Regarding your version you are stating that:
If something (x) is a man then there exists something (y) that has an Iphone and (x) has (y)
Not quite your desired outcome.
.
Just cut the $H(x,y)$ predicate and the $y$ variable to obtain the way simpler:
$\forall x (M(x) \implies I(x))$
A: The English sentence is an example of scope ambiguity. There are two readings1:


*

*For every man it holds that he has at least one iPhone (and this might be different iPhones from man to man)
$\forall x (M(x) \implies \exists y(I(y) \ \land \ H(x,y))$

*There is at least one iPhone which every man has (and this is one and the same iPhone, not excluding the possibility that some men might additionally have another iPhone)
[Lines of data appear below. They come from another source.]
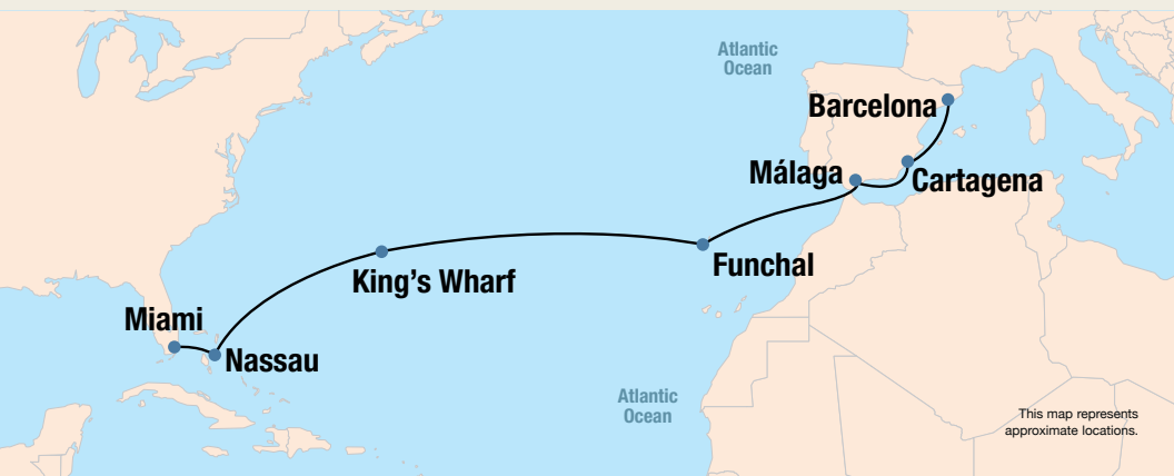
This map represents approximate locations.

With a marvelous blend of rugged volcanic peaks, fragrant botanical gardens and lush valleys, it's no wonder Madeira is called the "Island of Eternal Spring." From the picturesque capital of Funchal, a cable car ride to Monte affords awe-inspiring vistas of Funchal Bay, and a drive along the scenic coast offers a chance to see the quaint fishing village of Câmara de Lobos and Cabo Girão, the second-highest sea cliff in the world.
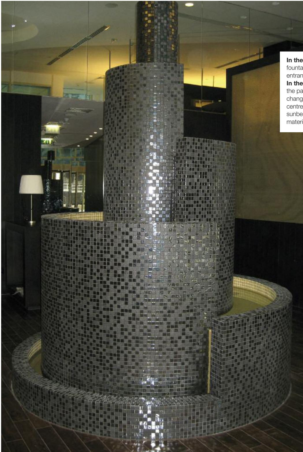
In the large photo , close-up view of the elaborate fountain that welcomes guests alongside the entrance to the restaurant on the ground floor. In the small photos below: left , detail of one of the pathways leading from the swimming pool to the changing rooms, the massage area and the wellness centre; right , the solarium areas equipped with sunbeds. The marble effect created by the ceramic materials is strongly in evidence on the walls.
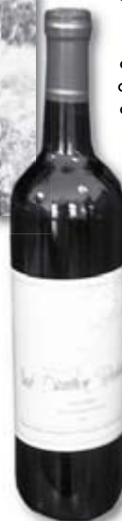
The vineyard in Łazy
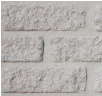
Arctic White Tumbled F501-RT
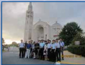
Basilica of the National Shrine
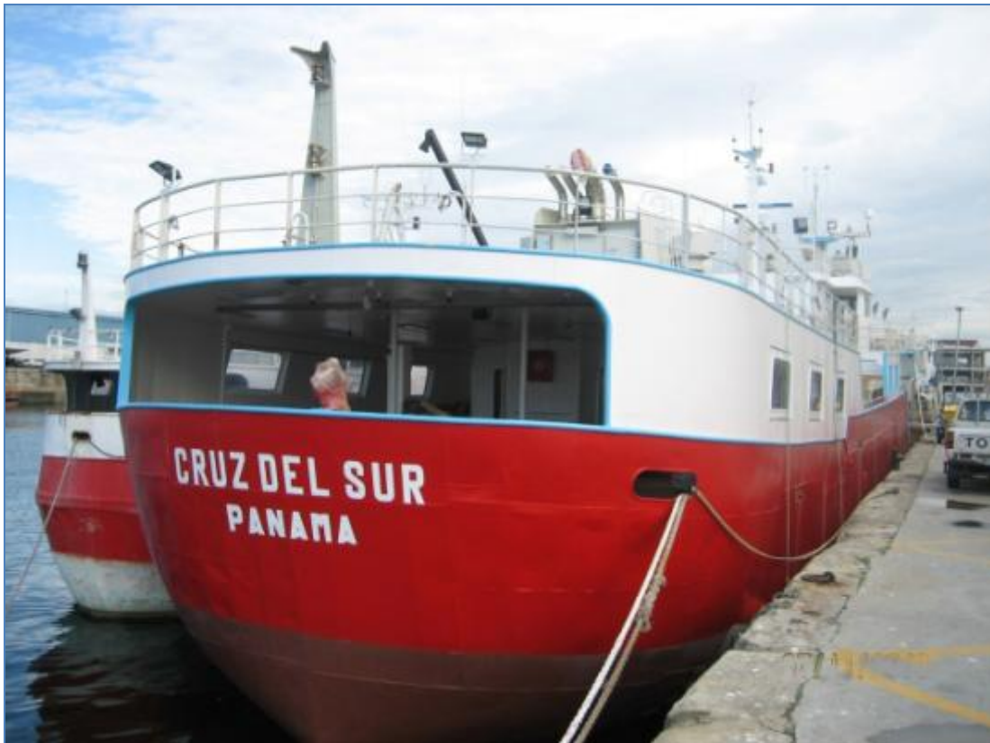
Pictures 28. A & B: Panama flagged large scale long line fishing vessel CRUZ DEL SUR seen in Vigo, Spain on January 18 th 2007.
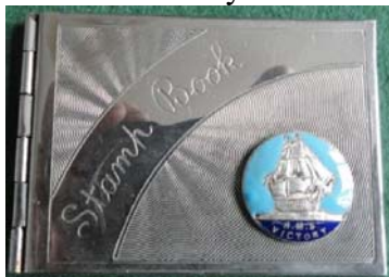
JC Reference Style 6

“Sunburst” Registered in 1934 (No. 790801)
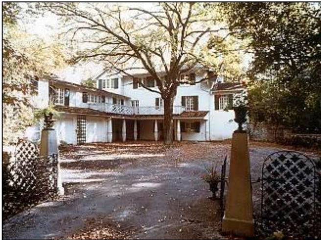
Ten Chimneys, Town of Genesee
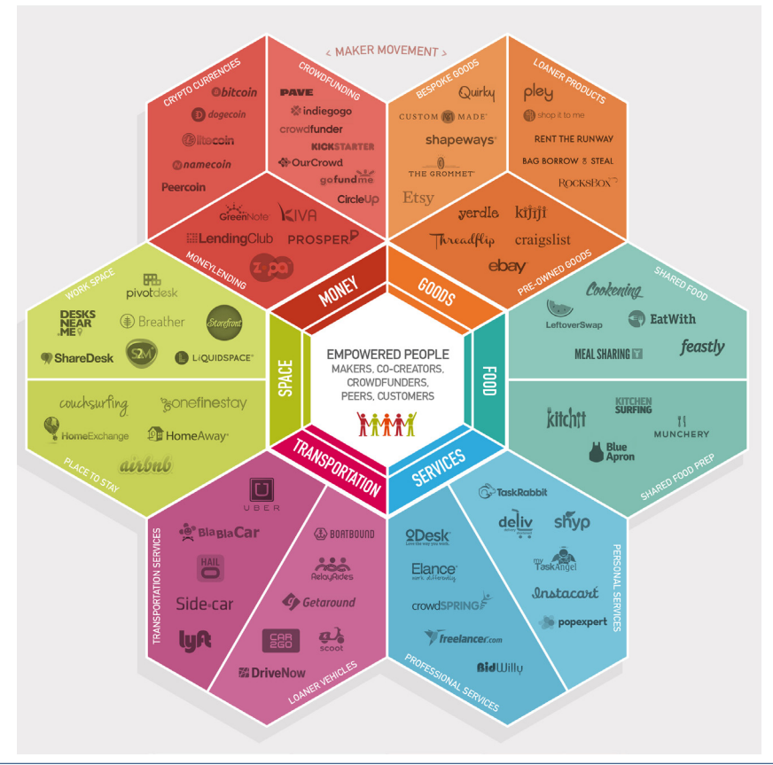
Figure 1. Collaborative Economy Honeycomb (Owying, 2014)

Authors Hamari, Sjoklint and Ukkonen (2015) expect that CC, as an economic and social category, will contribute to slowing down and decreasing some societal problems such as hyper-consumption, pollution, and poverty by lowering costs of economic coordination within communities. Rapid population growth and resource depletion provoked the need for establishing models which will enable access to and consumption of goods and services. Peer-to-peer exchange has proved to be the way to put up with the above-stated societal problems. The authors emphasize that there is actually a lack of information and deeper understanding of why people would participate in collaborative consumption. The research (Hamari et al., 2015) investigates customers' motivations to participate in collaborative consumption (CC). The study included 168 participants who were registered onto a CC site. It was discovered that the basic motivators are CC sustainability, personal enjoyment of the participants in the activities, and economic gains. In addition to that, the authors found out that people perceive the CC activity positively, but, at the same time, they
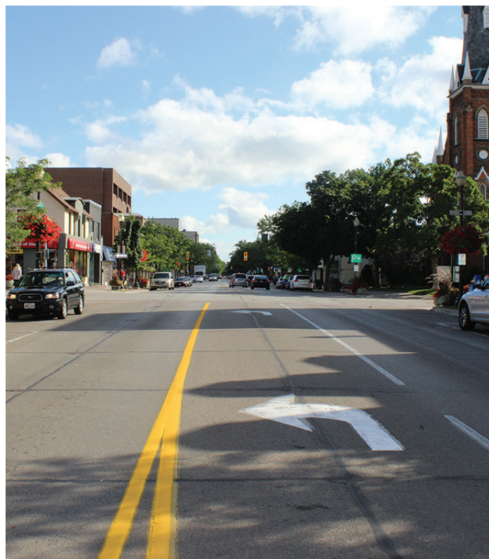
Left-turn lanes can reduce delays at intersections

$\exists y I(y)\ \land \ \forall x(M(x) \implies H(x,y))$
Intuitively, your interpreation (1.) is the more plausible one. This is called the linear reading of the sentence, because the surface structure in the sentence corresponds to the underlying logical form (where the univeral quantification has scope over the existential quantification).
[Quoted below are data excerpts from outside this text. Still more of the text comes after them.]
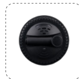
AMtag5 Spider Tag Detection Distance: 1.7-2.0m
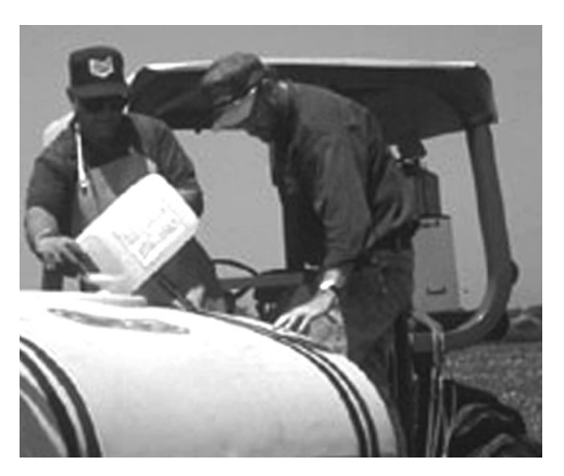
A noncertified applicator must be supervised during mixing and loading of restricted-use pesticides.

Making a pesticide application for payment (using restricted-use products or not) requires commercial Category 1a (ag plant pest control) certification, a business license, and proof of insurance. For more information on obtaining a business license, go to the pesticide section of the OISC Website, <a href="http://www.isco.purdue.edu/index_pest.html">http://www.isco.purdue.edu/index_pest.html</a>; or call 765/494-1594.
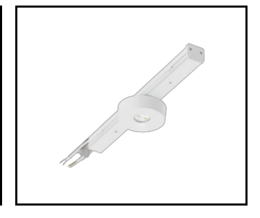
LINEA S LED ECO 588mm 260lm AW DOT CS 2W 1h NM AT (594458)
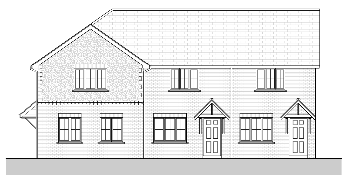
House Types 'A' & 'N' Front Elevation 1:100
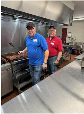
The below pictures are from the Scotland Park Elementary School's Perfect Attendance Party. Rotary North donated 25 pizza's.
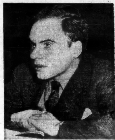
PHILIP MORRISON Atom could spell TVA

ovation when he proposed that "some-thing new" must be added to American toreign policy. Morrison's suggestion was a "giant atomic power plant in the great Southwest region—a new kind of TVA—for one-third of America's yearly appropriations on the H-bomb." Morrison said that "control over the future of the world may well go to that nation offering peaceful mastery of atomic energy—not the nation devel-oping it for a better bomb."
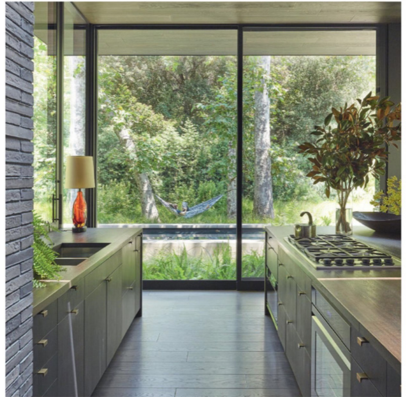
Kitchen A double-height ceiling with a lightwell adds a dramatic feeling of space to this end of the house. The island and stools were designed by Marmol Radziner and the table lamps with Murano glass bases are vintage pieces by Flavio Poli for Seguso Stockist details on p215 ►
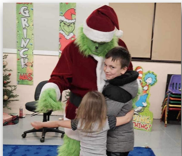
The Clarks Public Library celebrated Merry Grinchmas December 22. We read “How the Grinch Lost Christmas”. While reading the story, there was a special delivery made and the Grinch himself popped out of the big present. Everyone was surprised! The library served cookies, hot cocoa, and wassail for all who attended. Everyone got to take home a Dr. Seuss cup, a Grinch sticker and candy cane. It was a fun afternoon with the Grinch!
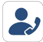
Advanced Call Features
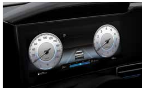
Cluster (10.25-inch color LCD)

If you understand the sentence as "Every man has an iPhone and it is not necessarily one iPhone that everyone has" (which is what you would intuitively understand), then your formalisation is correct.
The other reading is called the inverted reading: Here, the scope relation is the reverse of the one that is reflected in the surface sentence, i.e. the existential quantifier has scope over the unverisal quantifier although it appears later in the sentence.
If you understand the sentence as "There is (at least) one iPhone and this iPhone is owned by every single man", then (2.) is the correct formalisation. This is, in this case, not the most intuitive reading, but possible as well, because the natural language sentence is simply ambiguous. You could imagine other sentences like "Every child sings a song" where it is more understandable to assume that there is a song that is sung by everyone collectively instead of each child singing on its own.
So, yes, both your formalisation (my 1.) and a formalisation with the existential quantifier having scope over the rest (2.) are possible, but they have two different meanings, among which (1.) is more plausible in this context, but since natural language is often ambiguous (surface structure doesn't always reflect underlying logical structurein a 1:1 relationship), the formula shown in (2.) is also possible (but then with a different meaning).
Edit: Revisting your question whether "the ∃ quantifier [can] go with the ∀ quantifier in the beginning of the statement":
Changing the order of the quantifiers does change the logical meaning of the formula. If you move the existential quantifier in front of the univeral one, you get the alternative meaning I formulated in (2.).
Whether you then write $\exists y I(y) \land \forall x (...)$ or $\exists y \forall x I(y) \land (...)$, i.e. whether you move all quantifiers to the very front or place them just at the beginning of their respective scope area is just a matter of style - usually, it is treated the way that the quantifier should not be separated from its restriction, i.e. from where the variables it quantifies over appear in the formula; but the crucial feature that determines the scopal relations is the order of the quantifiers themselves, not the arrangement between the predicates (as long as the quantifier appears before the predicates containing the varible it quantifiers over, otherwise it doesn't make sense anyway), so both of the formulae mentioned in this last paragraph are equivalent in terms of the scopal relationship, as the order between univeral and existential quantifier is the same.
1 My formalisation was based on the assumption that you defined $I(x)$ as "$x$ is an iPhone" (instead of "$x$ has an iPhone") - I don't know whether this was a typo or intended; if you want to treat it as "has an iPhone", then the answer by @Lorenzo is correct and mine is wrong, but it seemed more useful to me to define $I(x)$ as "$x$ is an iPhone" (which I thought you did) so my whole post is based on that definition.